Communities see the “new business network” as an alternative source of funding and support. ”New business networks” and “new power network” benefit themselves from the control of resources. This mutual benefit enables them to work together to consolidate themselves in power. The community and the new business network have different purposes, communities fight against the deterioration of their living conditions and repression, while the new business network wants to gain control over the resources. However, they share the same means to achieve their purposes, removing the current power structure. These common means to achieve different purposes creates the space for a temporary alliance.
Competition between the current and new power networks
The last dimension we can analyse is the competition power structures and their dynamics.
In this example, I used the relation of “supports” to show the flow of people, resources, money or military aid from one actor to another.

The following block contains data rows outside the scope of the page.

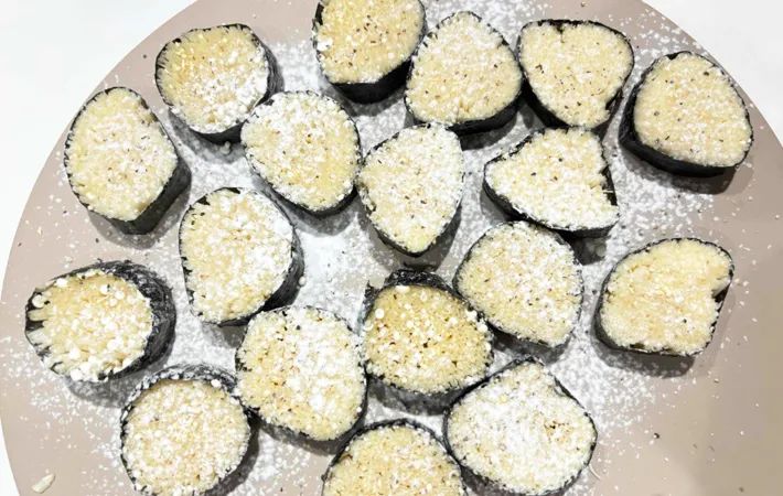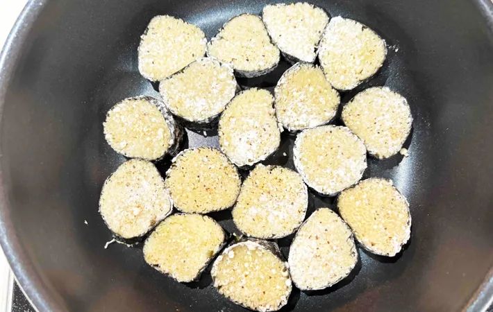 焼き海苔で巻いたエノキを、1cm程度の厚さに切ります。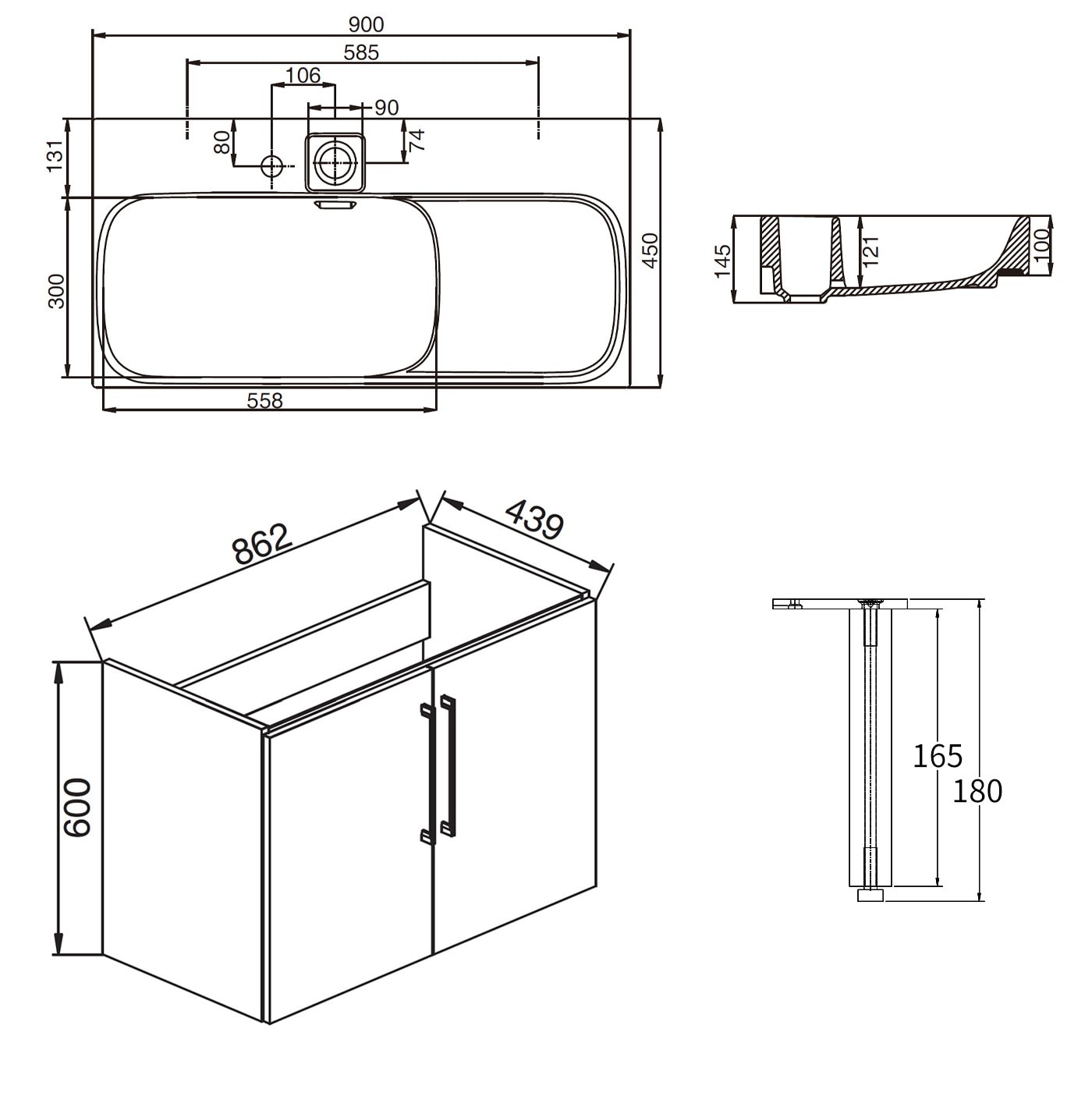 | 商品尺寸 | 面盆:長 90公分 X 寬 45公分 X 高 14.5公分 浴櫃:長 86.2公分 X 寬 43.9公分 X 高 60公分 支撐腳: 長 18公分 X 寬 8公分 X 高 8公分 |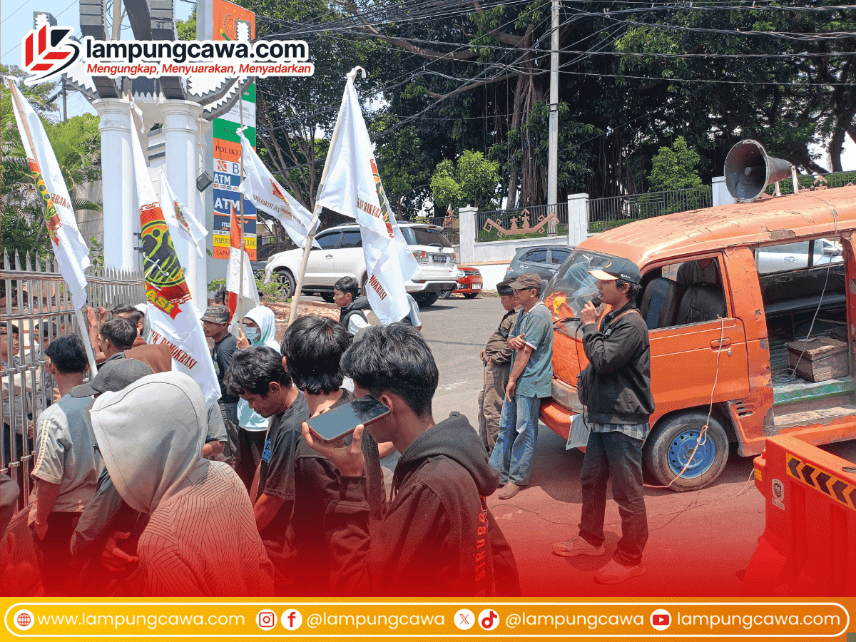 Lampungcawa, Bandarlampung – Aksi damai digelar puluhan aktivis Lembaga Swadaya Masyarakat Gerakan Rakyat Anti Korupsi untuk Demokrasi (GRADASI) di depan Kantor Kejaksaan Tinggi Lampung pada Kamis (9/10/25).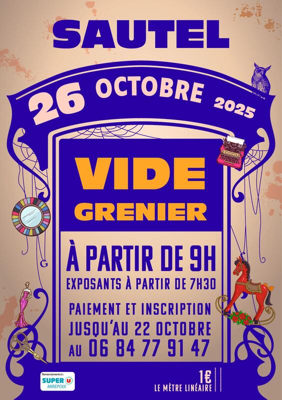 Rejoignez-nous le dimanche 20 octobre 2024 pour un vide-grenier à sautel (09300) !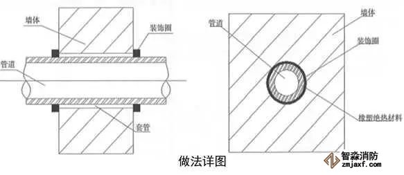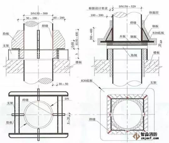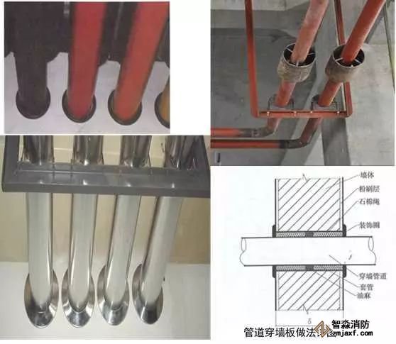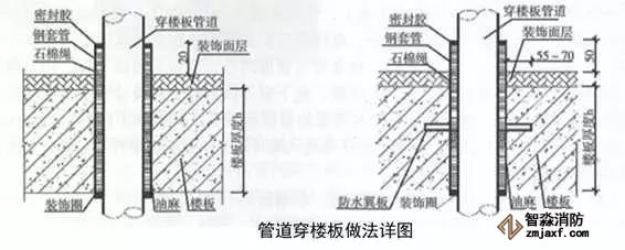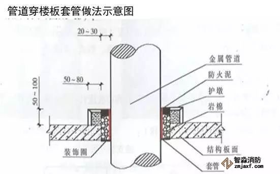 當管道穿過防火堤、防火墻、樓板時,應(yīng)安裝套管。穿防火堤和防火墻的套管長度不應(yīng)小于防火堤和防火墻的厚度,穿樓板套管長度應(yīng)高出樓板50mm,底部與樓板底面相平;管道與套管間的空隙應(yīng)采用防火材料封堵。
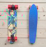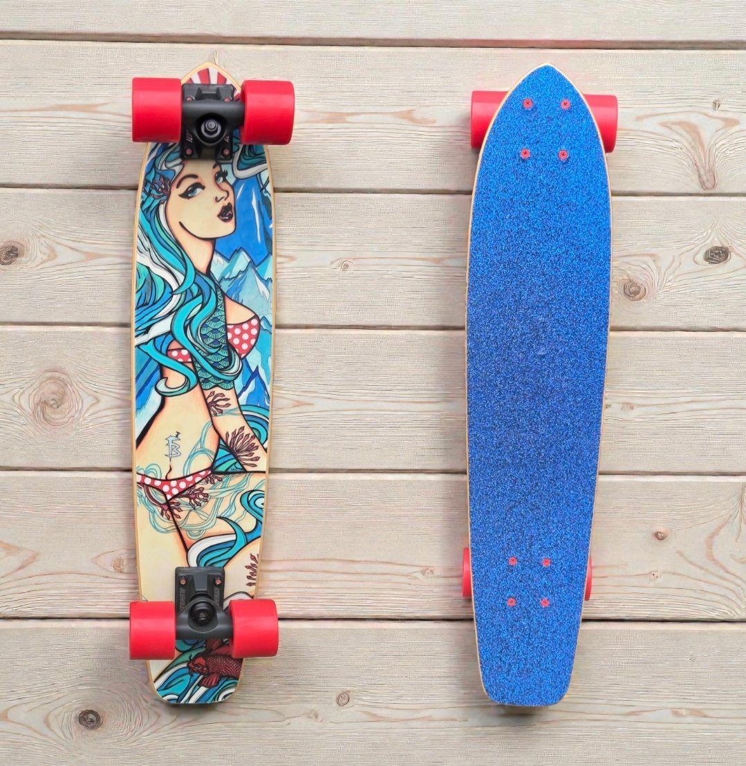 All artwork is printed on a high visibility reflective decal/sticker. The high visibility reflective decal/sticker is lot like the material used for road signs, when light hits it, it reflects and "lights up" making the artwork POP, that much more! As an added bonus, it could save your life when walking up a hill during low light situations, because cars will light up the board and be able to see you better.

As I showed before, every actor is affected by one or more causes that create incentives for them to behave in the way they do. One type of behaviour is creating formal and informal networks through which they can exert power.
Additionally, they can share more than incentives, they also can share ideology, values, religious beliefs or grievances. These subjective factors can create strong bonds between people contributing to consolidating the networks of powerful actors.
Why is this valuable?
Unfortunately, there are many situations that erode or threaten our living conditions, from climate change, pollution, the degradation of our cities or open violent conflicts for the control of strategic resources. In these situations, we need to act, even though we do not always have the resources, access to the right actors, or the legitimacy to do it. In this situation, we can create the conditions for the people that are involved in the problem and find a way to improve it.
This way of mapping complex situations can help identify the main dynamics and obstacles that prevent situations from improving, reveal the incentives that emerge from these dynamics, and show how they shape and condition how the network of actors organises themselves to exert power.
As the visuals show, these Meta-CLDs are interactive, enabling us to collaborate with other people that work on the same problem and have a different perspective, different data or different knowledge to integrate them into a cohesive whole. Meta-CLDs allow us to explore specific areas of interest without suffering data overload.
In my perspective, Meta-CLDs reduce the complexity of the standard maps by being able to query and traverse them. This querying capacity makes it easy to explore it as our understanding of the situation improves and makes it easier to make decisions based on our discoveries.
Finally, these maps help to create a common ground for people, teams and organisations that have to intervene in a complex situation. It brings together their knowledge and helps challenge underlying assumptions and find entry points to engage with actors to move things forward.